The SEC allows us to "incorporate by reference" the information we file with them, which means that we can disclose important information to you by referring you to those documents. The information incorporated by reference is considered to be part of this prospectus. Statements in this prospectus regarding the contents of any contract or other document may not be complete. You should refer to the copy of the contract or other document filed as an exhibit to the registration statement. Later information filed with the SEC will update and supersede information we have included or incorporated by reference in this prospectus.

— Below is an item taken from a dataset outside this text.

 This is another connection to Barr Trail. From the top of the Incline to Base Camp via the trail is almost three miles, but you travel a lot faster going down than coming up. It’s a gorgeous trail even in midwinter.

We incorporate by reference the documents listed below and any filings made after the date of this prospectus with the SEC under Sections 13(a), 13(c), 14 or 15(d) of the Securities Exchange Act until the offering of the securities made by this prospectus is completed or terminated:

–>
our Annual Report on Form 10-K for the fiscal year ended December 31, 2002;

–>
our Quarterly Reports on Form 10-Q for the fiscal quarters ended March 31, 2003 and June 30, 2003;

–>
our Current Report on Form 8-K dated April 11, 2003; and

–>
the description of our common shares contained in our registration statement on Form 8-A (File No. 001-15319), filed on September 22, 1999.

We will provide you with a copy of the information we have incorporated by reference, excluding exhibits other than those which we specifically incorporate by reference in this prospectus. You may obtain this information at no cost by writing or telephoning us at: 400 Centre Street, Newton, Massachusetts, 02458, (617) 796-8350, Attention: Investor Relations or by visiting our website at www.snhreit.com.

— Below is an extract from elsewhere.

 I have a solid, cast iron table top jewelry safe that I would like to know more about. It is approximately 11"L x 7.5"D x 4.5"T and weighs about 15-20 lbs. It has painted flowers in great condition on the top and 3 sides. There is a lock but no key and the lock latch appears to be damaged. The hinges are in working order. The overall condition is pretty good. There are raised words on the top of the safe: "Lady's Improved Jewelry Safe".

Statement concerning limited liability

THE ARTICLES OF AMENDMENT AND RESTATEMENT ESTABLISHING SENIOR HOUSING PROPERTIES TRUST, DATED SEPTEMBER 20, 1999, TOGETHER WITH ALL AMENDMENTS AND SUPPLEMENTS THERETO, AS DULY FILED IN THE OFFICE OF THE STATE DEPARTMENT OF ASSESSMENTS AND TAXATION OF MARYLAND, PROVIDES THAT THE NAME "SENIOR HOUSING PROPERTIES TRUST" REFERS TO THE TRUSTEES UNDER THE DECLARATION OF TRUST AS TRUSTEES, BUT NOT INDIVIDUALLY OR PERSONALLY, AND THAT NO TRUSTEE, OFFICER, SHAREHOLDER, EMPLOYEE OR AGENT OF SENIOR HOUSING PROPERTIES TRUST SHALL BE HELD TO ANY PERSONAL LIABILITY FOR ANY OBLIGATION OF, OR CLAIM AGAINST, SENIOR HOUSING PROPERTIES TRUST. ALL PERSONS DEALING WITH SENIOR HOUSING PROPERTIES TRUST, IN ANY WAY, SHALL LOOK ONLY TO THE ASSETS OF SENIOR HOUSING PROPERTIES TRUST FOR THE PAYMENT OF ANY SUM OR THE PERFORMANCE OF ANY OBLIGATION.